LSA summer institute 2023: Distributional spaces and Word Meaning
Distributional spaces represent the meanings of words (or word occurrences) as points in some "semantic space" where similar meanings are close together, and different meanings are further apart.
This semantic space is computed from data, often just from written texts produced by many people. So we can view the semantic space as a kind of "compressed corpus", a record of utterances from many speakers. The structure of the space is determined by regularities in word co-occurrences across the utterances. We can probe this space to ask questions about lexical semantics.

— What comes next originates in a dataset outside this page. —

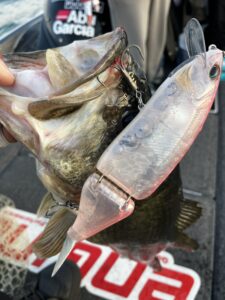 奥様はベイトタックルを扱えるので、一発BIGの可能性が高いビッグベイトゲームにもトライしてもらいました。

In this course, we focus on distributional spaces as a "compressed corpus", and how we can use it for linguistic analyses. We discuss the ideas and the mathematics behind these models, recent use cases in linguistics, and we talk about a best practice in using these models, as far as it already exists.
An introduction to distributional models
This is a general introduction to the main underlying ideas of distributional models.
Particularly relevant readings (for after class, to reinforce what we discussed):
Alessandro Lenci (2008), “Distributional semantics in linguistic and cognitive research”, Italian Journal of Linguistics 20(1) https://linguistica.sns.it/RdL/20.1/ALenci.pdf
Gemma Boleda (2020), "Distributional Semantics and Linguistic Theory", Annu. Rev. Linguist. 6:213–34.
Katrin Erk (2012), "Vector space models of word meaning and phrase meaning: a survey." Language and Linguistics Compass 6(10), 635-653 (old paper, but good for the count-based model basics)
Methods for working with distributional models
The main methods for working with distributional models (focusing on methods that work both for word vectors and word token vectors)
Recommended readings: no single paper that stands out, but check the slides for many recommendations.
Using neural networks to compute distributional models
How do prediction-based models work, both at the word type level and at the word token level?
Helpful readings (recommended after class, to reinforce what we discussed):
Dan Jurafsky and Jim Martin "Speech and Language Processing" 3rd edition, chapter 5: logistic regression
Using word token embeddings
Recent neural models give us access to embeddings (vectors) not just for a word, but for a word in a particular sentence context (a word token). What can we do with that? What new kinds of studies are now being done?
Recommended readings (recommended after class, to review what we discussed):
An overview of where we are at with word token models and semantics:
Ellie Pavlick 2022, Semantic structure in deep learning
Readings on technical problems with the semantic space in Transformer language models:
Kawin Ethayarajh 2019, "How Contextual are Contextualized Word Representations? Comparing the Geometry of BERT, ELMo, and GPT-2 Embeddings"
William Timkey and Maarten van Schijndel 2021, "All Bark and No Bite: Rogue Dimensions in Transformer Language Models Obscure Representational Quality"
Readings on embedding clusters and interpretable features:
Gabriella Chronis and Katrin Erk 2020. When is a bishop not like a rook? When it's like a rabbi! Multi-prototype BERT embeddings for estimating semantic relationships.
Gabriella Chronis, Kyle Mahowald and Katrin Erk 2023. A Method for Studying Semantic Construal in Grammatical Constructions with Interpretable Contextual Embedding Spaces.
The nature of meaning, and whether to really "understand" you need a denotation, a world:
Extra notebooks
Here are some additional notebooks that could be useful, though we won't have time to go through them in class. There are:
a detailed walk-through on how to compute a count-based distributional space from scratch, including computing cosine similarity, transforming counts to Pointwise Mutual Information weights, and visualization: notebook.
two notebooks on how to build a simple neural network in pytorch. The first one demonstrates how to make a logistic regression model, the second demonstrates how to build a very simple word2vec model.